“Where is your camp?” he asked abruptly.

“Down on the river, at the big rapid,” she said quietly, busying herself with the child.

“Who are there?”

“My father and two of his men.”

He continued gazing at her as if she were a stranger to him. He was wet to the skin. His hair was plastered in curls about his forehead.

“You must go home,” he said, his voice grating harshly. “Why did you come here?”

She continued her task of caring for the child. She too was trembling, but not with her mad chase after him. The hour’s strenuous exertion had hardly quickened her breathing. All day marches, carrying her bundle and her child, were to her nothing unusual. It was the passion in her that shook her like a palsy.

“Why did you come?” repeated the man. “What do you want?”

She set down the child. Her trembling hands suddenly grew steady. Her face settled into stern lines of calm. Her voice came in the quiet strength of a deep flowing river. She was past all fear, past desire, past hope. She was in full command of herself, of the situation, of him too.

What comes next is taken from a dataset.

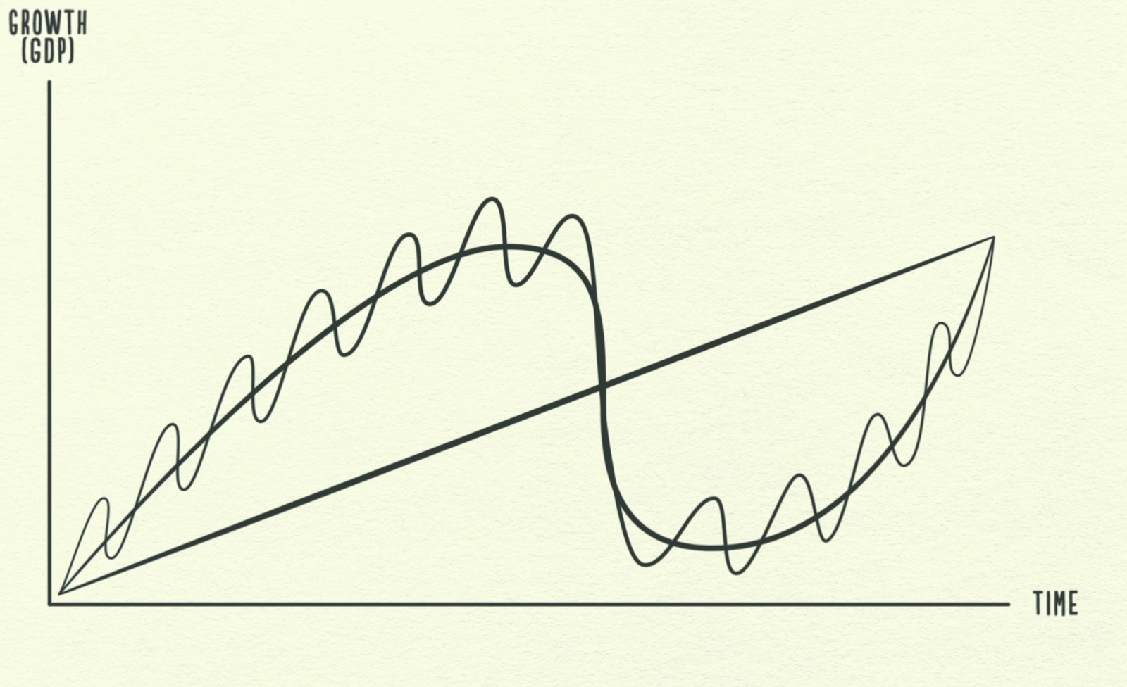 In this graphic, Dalio depicts a simplified version of the short-term debt cycle (the squiggly line), the long-term debt cycle (the sloped curve), and productivity growth (the straight line).

“Two months ago I left my country because I had here,” she laid her hand on her breast, “a great pain to see your face again, to hear you speak, to touch your hand. That is gone, all gone, gone like the snow of last year from the mountains. Today my heart is dead. I have seen your woman. I have seen your face. You have no thought, no love for the Indian girl. To you she is like the dead leaves—nothing! nothing! You would kill her and her child. I saw death in your eyes just now. I go away, back to the Athabasca. You will never see my face again. But before I go I ask you one thing. This boy, this little boy”—for an instant the even calm of her voice was shaken—“he is my son, but first he is your son. What will he be, Indian or white man? The Indian is like the buffalo and the deer. The white man is hunting him from the plains and the woods. Soon he will be like the mountain sheep, only in the lonely valleys or the far mountain tops. What will your boy be? Where will he go? I wait for your voice.”